== Segment start ==

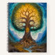 Glowing Gold Blue Yggdrasil Fantasy Tree Art Notebook
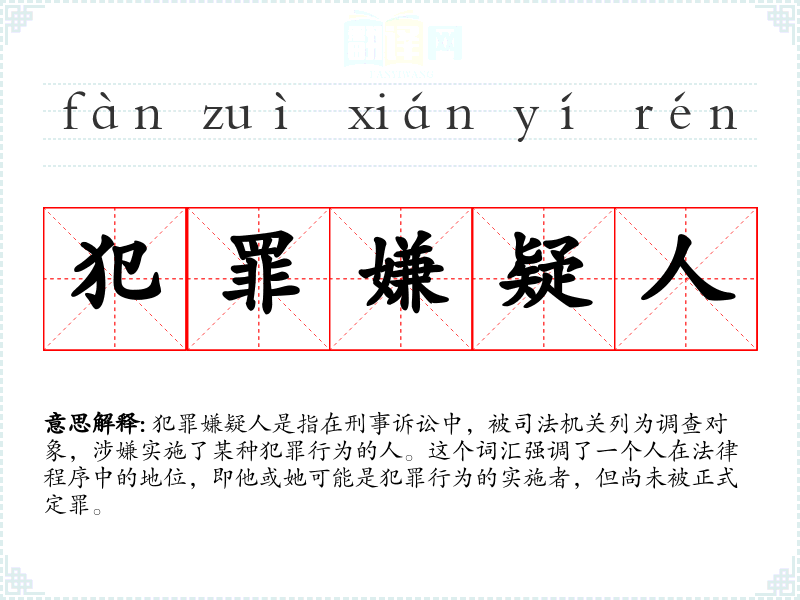 在不同的语言和文化中,“犯罪嫌疑人”的对应词汇可能有所不同,但其核心含义——即涉嫌犯罪但尚未定罪的人——是普遍存在的。例如,在英语中,对应的词汇是“suspect”。
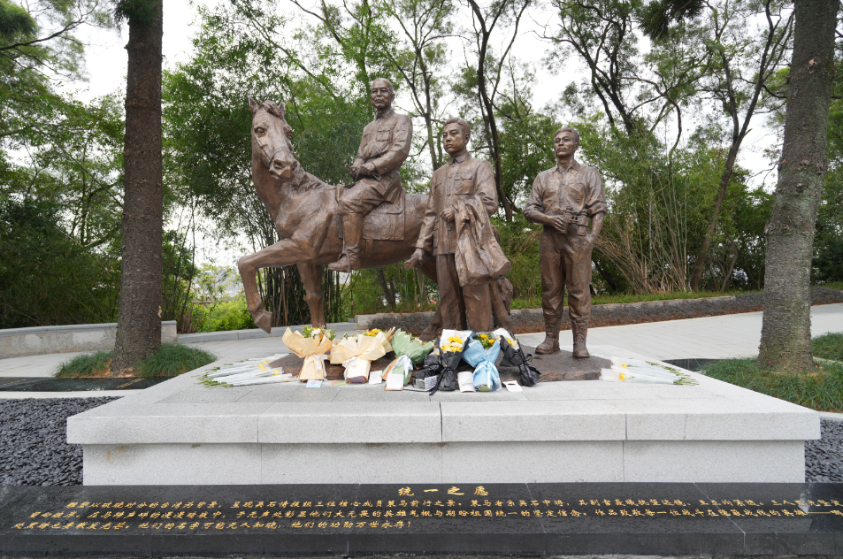 随后,全体人员转赴福州市革命英烈纪念园。在吴石、聂曦、王正钧烈士雕塑前,吴石烈士孙女吴红,朱枫烈士孙女朱容瑢、孙子朱则安,陈宝仓烈士外孙陈皓、外孙女李敏,聂曦烈士侄子黄仁晶、侄孙女黄怡然,原中央调查部部长罗青长之子罗援、罗振,司法部原部长何遂孙子何巍等先辈后人以及《沉默的荣耀》史实顾问郑立,福建省国家安全厅干警代表整齐列队,肃立默哀。

== Segment end ==

Task brief: With the images removed, write out all of the material above exactly.

Solved problem:
 Glowing Gold Blue Yggdrasil Fantasy Tree Art Notebook
 在不同的语言和文化中,“犯罪嫌疑人”的对应词汇可能有所不同,但其核心含义——即涉嫌犯罪但尚未定罪的人——是普遍存在的。例如,在英语中,对应的词汇是“suspect”。
 随后,全体人员转赴福州市革命英烈纪念园。在吴石、聂曦、王正钧烈士雕塑前,吴石烈士孙女吴红,朱枫烈士孙女朱容瑢、孙子朱则安,陈宝仓烈士外孙陈皓、外孙女李敏,聂曦烈士侄子黄仁晶、侄孙女黄怡然,原中央调查部部长罗青长之子罗援、罗振,司法部原部长何遂孙子何巍等先辈后人以及《沉默的荣耀》史实顾问郑立,福建省国家安全厅干警代表整齐列队,肃立默哀。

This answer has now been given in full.